On Aug 12, 2011, at 11:01, Jan Ciesko (GMAIL) wrote:
> What I was wondering though: if I commit a delete and run any svn command on
> the REV-1 version in the post-commit hook, is it guaranteed that in the
> meantime no other commits were run, thus making REV-1 invalid?
> Or in other words: pre-commit, commit and post-commit are atomic?

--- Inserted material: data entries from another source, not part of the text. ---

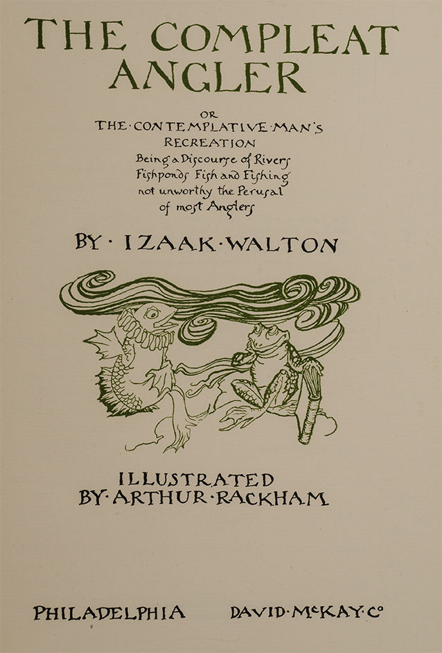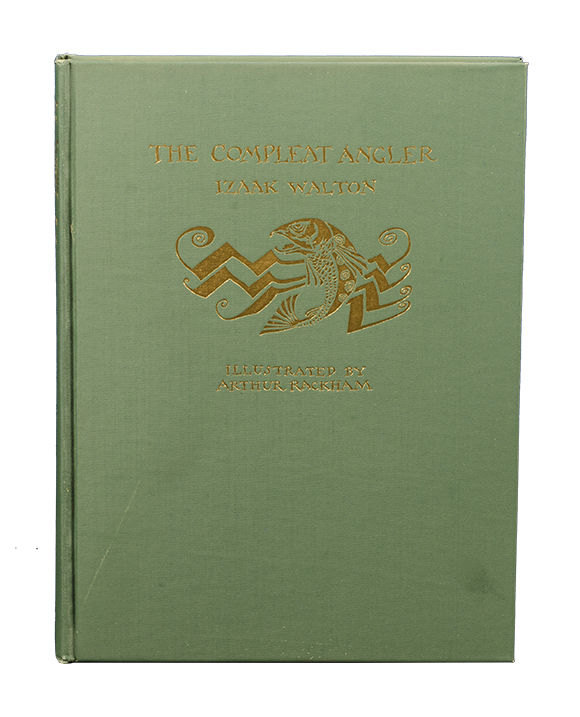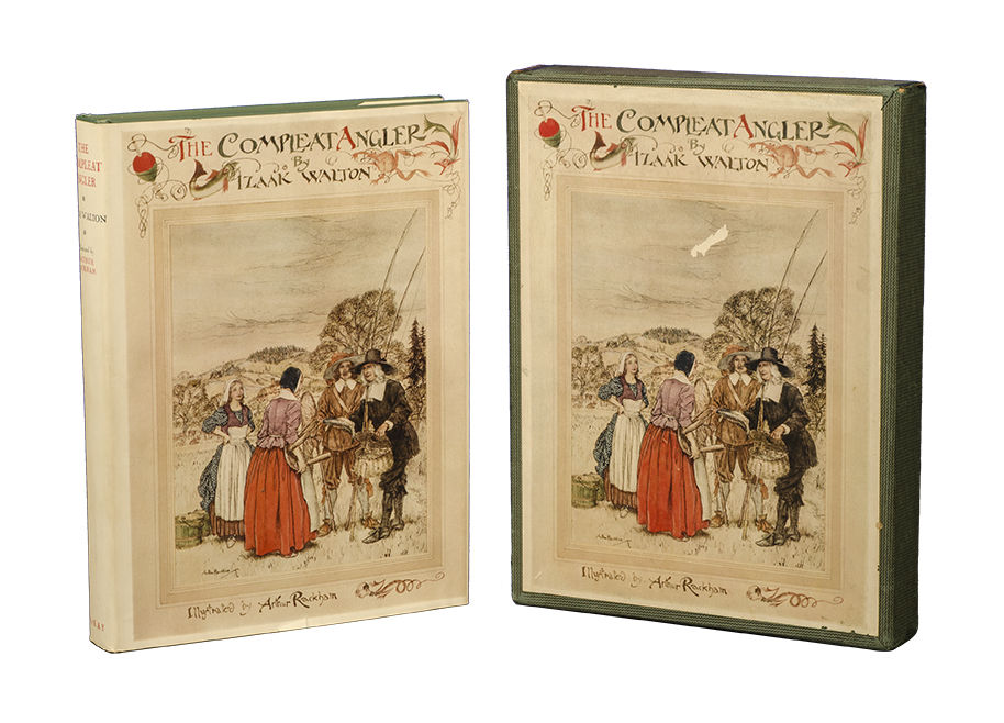 Philadelphia: David McKay Co, 1931. First American trade edition. Quarto (9 7/16 x 7 3/16 inches; 239 x 183 mm.). Collating 223, (1). Publishers dark blue ribbed cloth over boards, front cover and spine decoratively stamped in gilt. Pictorial endpapers, top edge gilt. Twelve color plates, including frontispiece, with captioned tissue guards. Twenty-five black and white illustrations. Title printed in green and black. A very Fine copy with the original color pictorial dust jacket with a 'titled' version of the color plate "Marry, God requite you, sir, and we'll eat it cheerfully" (facing p. 82) on the front panel. Original blue cardboard box with the same color illustration as on the dust jacket pasted on the top panel and a white label "The Compleat Angler / Izaak Walton / Illustrated by Arthur Rackham" on the lower edge. Two corners of box lid neatly repaired.
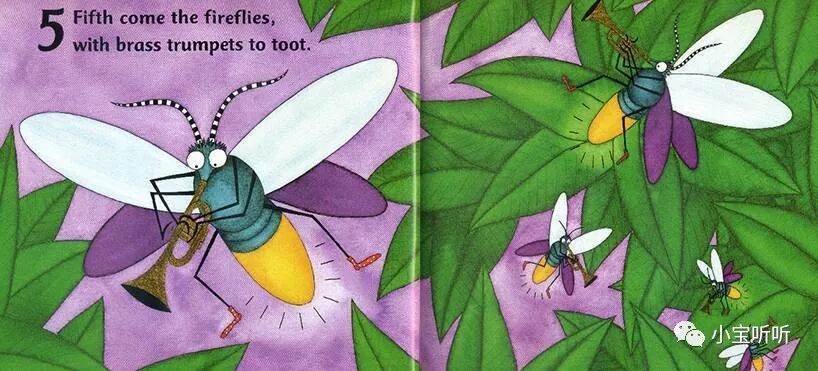 第五个出场的是(五只)萤火虫们,用铜管乐器小号吹啊吹。
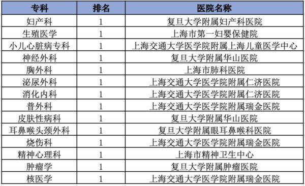 在全部37个专科中,上海市10家医院蝉联14个专科的榜首,分别是:
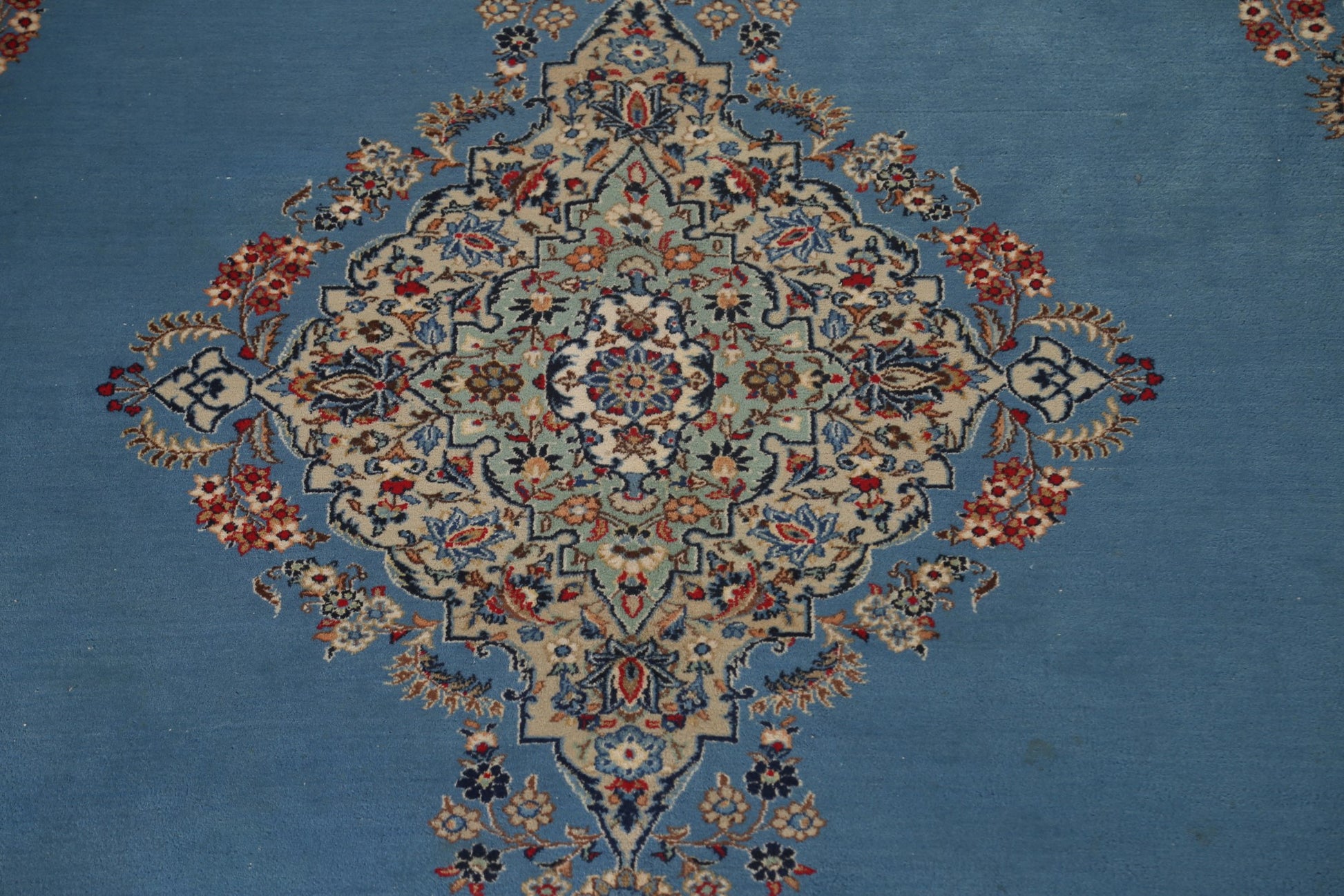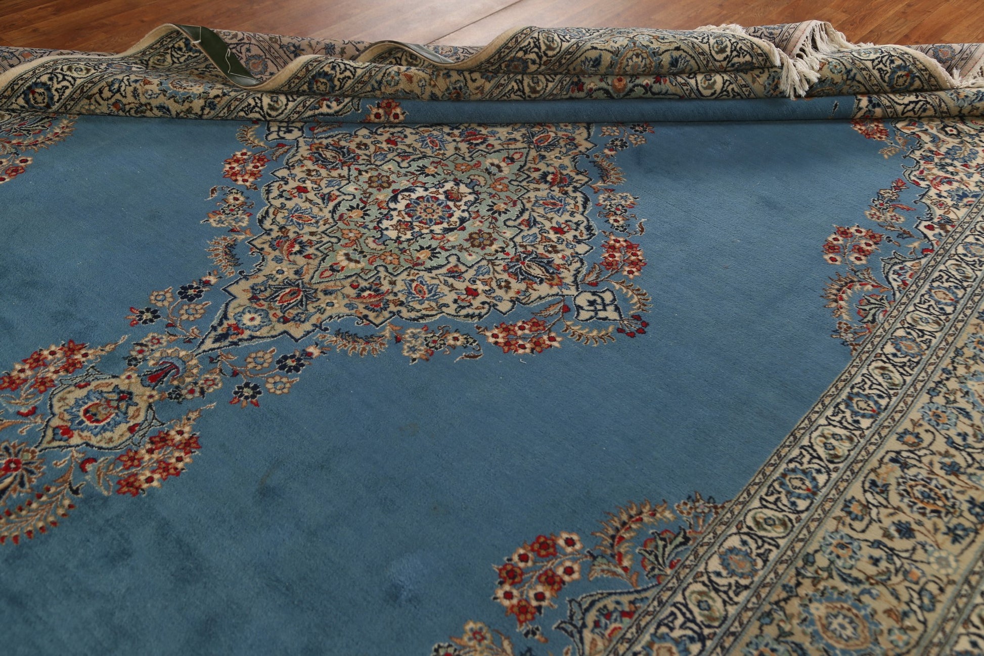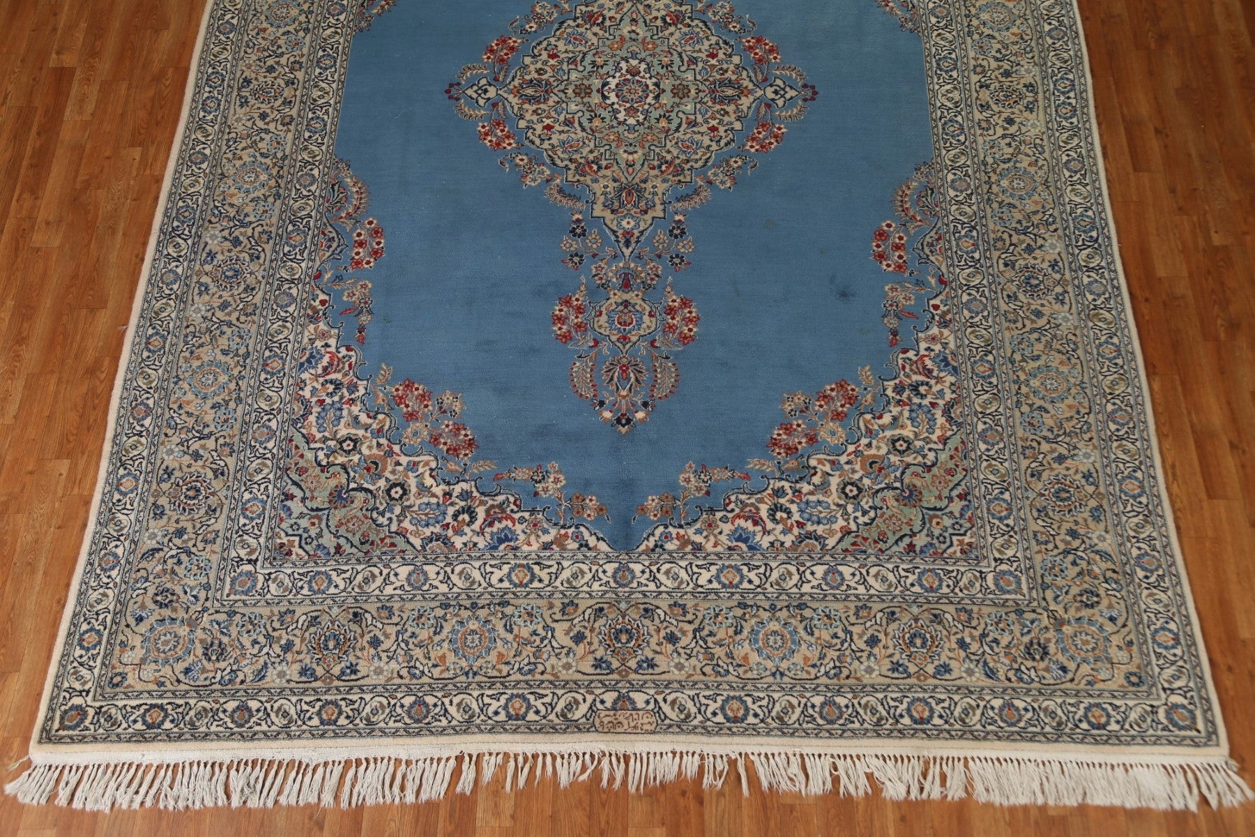 A Beautiful Genuine Persia ( Persia ) Kashan rug is Hand Knotted by skillful weavers in Persia ( Persia ) with 100% Wool Material. This rug is in Very Good ( Low Pile ) condition. dimensions are 12' 9'' X 8' 9'' in foot and 389 X 267 in centimeter. the primary color is Navy Blue & Blues.
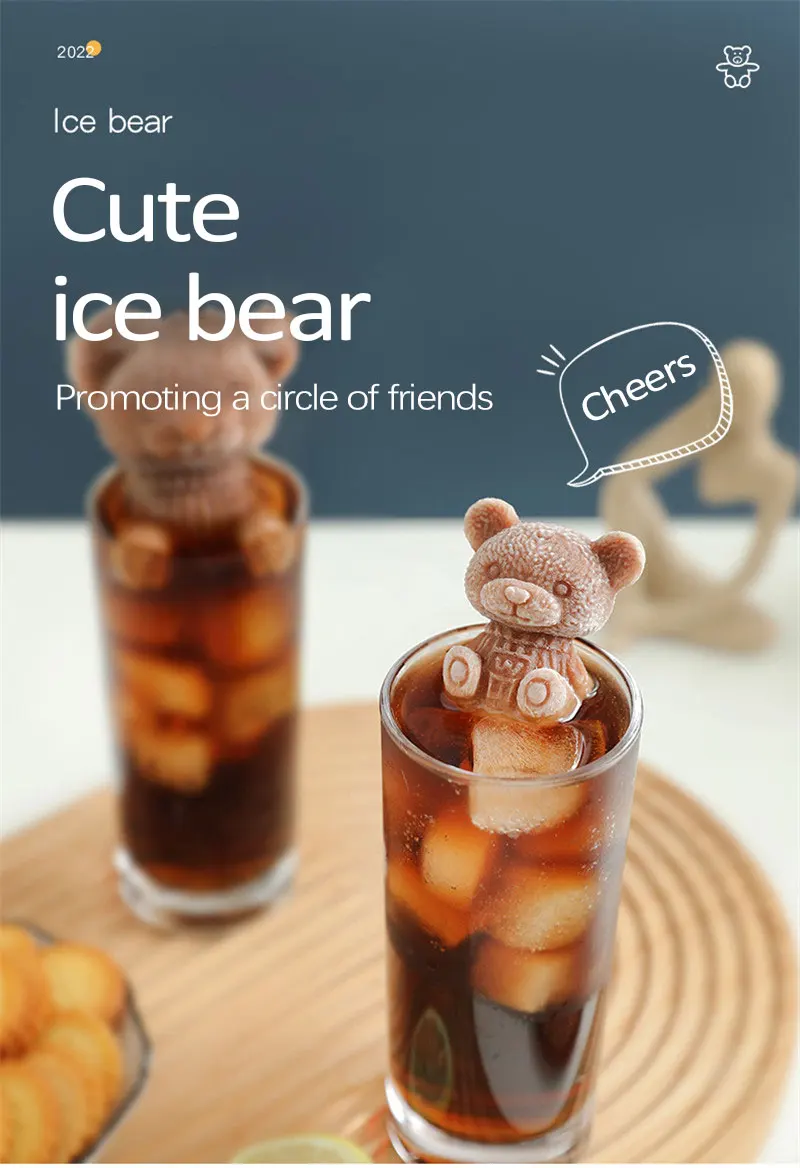 Силиконовая форма для изготовления льда с медведем, креативная форма для приготовления льда, сделай сам, кофейные напитки, молочный чай, стерео, форма для льда с медведем, кухонные гаджеты

Well let's think about each of those.
The commit will not be finalized until after the pre-commit hook has run
successfully. So the directory should continue to exist in the head of the
repository for the duration of the pre-commit hook. It might be possible
(though unlikely) that another developer will happen to delete the directory
while the hook is running. To minimize the possibility of that messing up the
script, the first thing the script should do is get the HEAD revision of the
repository into a variable, and use that variable for the duration of the
script:
#!/bin/bash
REPOS=$1
TXN=$2
SVNLOOK=/usr/bin/svnlook
SED=/usr/bin/sed
HEAD_REV=$($SVNLOOK youngest $REPOS)
PATHS_IN_REPOS=$($SVNLOOK changed $REPOS -t $TXN | $SED -n -E
's/^D...(.*)$/\1/p')
for PATH_IN_REPOS in $PATHS_IN_REPOS; do
TREE=$($SVNLOOK tree $REPOS $PATH_IN_REPOS -r $HEAD_REV)
... (do something with $TREE)
done
The commit itself is atomic. That's one of the fundamental properties of
Subversion and is well documented so we don't need to go into it further here.
http://svnbook.red-bean.com/en/1.5/svn.basic.in-action.html
"An svn commit operation publishes changes to any number of files and
directories as a single atomic transaction."
That leaves the post-commit. By this time the commit is finalized in the
repository. So you can look at that new revision all you want and it's not
going to change. Yes other commits might happen subsequently but your
post-commit hook is called with the number of the newly-added revision, so just
subtract one from that to find the last revision in which the directory still
existed.
#!/bin/bash
REPOS=$1
REV=$2
SVNLOOK=/usr/bin/svnlook
SED=/usr/bin/sed
PREV_REV=$(($REV-1))
PATHS_IN_REPOS=$($SVNLOOK changed $REPOS -r $REV | $SED -n -E
's/^D...(.*)$/\1/p')
for PATH_IN_REPOS in $PATHS_IN_REPOS; do
TREE=$($SVNLOOK tree $REPOS $PATH_IN_REPOS -r $PREV_REV)
... (do something with $TREE)
done
These examples do not properly handle paths that contain spaces. Also,
PATHS_IN_REPOS could contain files and/or directories; if you want only
directories, you'll have to skip the files somehow.